A significant part of the judgment addressed whether a claim under the DPA falls within the scope of "a dispute arising under the contract" for the purposes of s. 108 of the Housing Grants, Construction and Regeneration Act 1996 (HGCRA).
The Court endorsed and adopted the reasoning of Joanna Smith J in BDW Trading v Ardmore [2024], holding that the phrase "under the contract" within the HGCRA (and within the contract in place between Crest and ACL) includes the jurisdiction to consider claims brought under the DPA.
The Adjudication BLO: just and equitable?
Having determined that the adjudicator's decision constituted a relevant liability, the court went on to find that it was just and equitable to make the adjudication BLO, requiring the BLO Defendants to pay the approximately £14.9 million awarded.
Practical implications of the High Court's decision
- Anticipatory BLOs are a real and available tool. The court has firmly endorsed the power to make a BLO before the underlying liability has been established, functioning "as what might be termed an indemnity". These will be of obvious benefit to claimants, allowing them to know in advance whether it will be worthwhile incurring the cost and expense of litigating against insolvent counterparties. It will also benefit the associates of insolvent defendants to know in advance "whether they will stand to be liable for the original body's liabilities".
- Corporate restructuring will be scrutinised. Where a group has restructured to isolate historic building safety liabilities - even where the restructuring was a legitimate business practice – this will be scrutinised. Companies that have placed contracting entities into administration following the emergence of building safety claims should expect close judicial scrutiny.
- Adjudication decisions are a "relevant liability" for the purposes of a BLO. The Court's ruling that an adjudicator's decision (and the obligation to comply with it) constitutes a relevant liability for the purposes of the BSA significantly expands the practical utility of construction adjudication in the building safety context. Parties obtaining favourable adjudication decisions against insolvent contractors can now seek to enforce those decisions directly against associated companies.

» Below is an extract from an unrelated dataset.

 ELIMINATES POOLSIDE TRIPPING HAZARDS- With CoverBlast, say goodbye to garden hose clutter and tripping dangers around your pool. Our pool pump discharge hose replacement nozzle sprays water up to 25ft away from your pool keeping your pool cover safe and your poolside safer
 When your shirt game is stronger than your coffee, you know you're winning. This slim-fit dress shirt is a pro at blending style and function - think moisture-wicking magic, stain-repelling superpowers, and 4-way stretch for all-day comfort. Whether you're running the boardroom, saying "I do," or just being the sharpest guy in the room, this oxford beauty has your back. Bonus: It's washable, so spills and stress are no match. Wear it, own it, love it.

- DPA claims can be adjudicated. The Court has added its voice to the growing consensus that DPA claims fall within the scope of adjudication provisions referring to disputes "under the contract", applying the broad approach to construction endorsed by the House of Lords in the Fiona Trust case (which considered similar wording in the context of an arbitration clause).
- The "just and equitable" test is broad and fact-sensitive. The Court has resisted attempts to narrow or circumscribe the test, declining to set out exhaustive lists of factors or to require particular thresholds to be met. Each case will turn on its own facts.

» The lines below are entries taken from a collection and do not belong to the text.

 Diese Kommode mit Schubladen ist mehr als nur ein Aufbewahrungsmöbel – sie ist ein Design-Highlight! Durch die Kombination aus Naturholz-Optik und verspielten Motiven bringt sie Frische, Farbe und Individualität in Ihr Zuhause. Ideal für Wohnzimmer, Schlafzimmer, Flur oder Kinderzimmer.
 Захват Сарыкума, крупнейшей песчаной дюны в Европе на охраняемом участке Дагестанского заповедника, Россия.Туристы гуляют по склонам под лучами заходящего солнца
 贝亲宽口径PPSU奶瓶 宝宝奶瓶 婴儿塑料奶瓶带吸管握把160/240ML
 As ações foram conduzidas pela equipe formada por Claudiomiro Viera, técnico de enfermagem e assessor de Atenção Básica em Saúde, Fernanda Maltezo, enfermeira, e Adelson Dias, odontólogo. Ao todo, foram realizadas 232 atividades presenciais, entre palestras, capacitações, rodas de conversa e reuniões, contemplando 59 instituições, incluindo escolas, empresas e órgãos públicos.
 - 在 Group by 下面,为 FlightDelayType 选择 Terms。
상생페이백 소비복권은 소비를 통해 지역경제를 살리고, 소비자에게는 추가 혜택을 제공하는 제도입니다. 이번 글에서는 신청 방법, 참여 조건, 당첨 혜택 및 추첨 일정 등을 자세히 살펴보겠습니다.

- The Court has a wide discretion on the scope of a BLO. The finding that the Court may reduce or limit the relevant liability upon transmission — specifying, for example, that only a proportion of a relevant liability is subject to a BLO — provides a significant tool for balancing the interests of applicants and respondents.
Crest Nicholson v Ardmore represents a watershed moment in the development of the BLO regime under the BSA. The judgment demonstrates the willingness of the courts to give full effect to the legislative purpose of holding those responsible for building safety defects to account, even where the original contracting party is insolvent and the extent of liability remains to be determined at trial.
The message is clear: the corporate veil, and the protections of corporate structure more generally, will not prevent associated companies from being required to stand behind the liabilities of group members responsible for building safety defects. The interaction between the adjudication regime and the BSA, now confirmed by the Court, means that successful adjudication decisions can be leveraged as a powerful tool in the pursuit of redress from associated companies.
The case will also be of considerable interest to the adjudication community, given its endorsement of the application of Fiona Trust principles to adjudication clauses and its confirmation that DPA claims fall within the scope of standard adjudication provisions.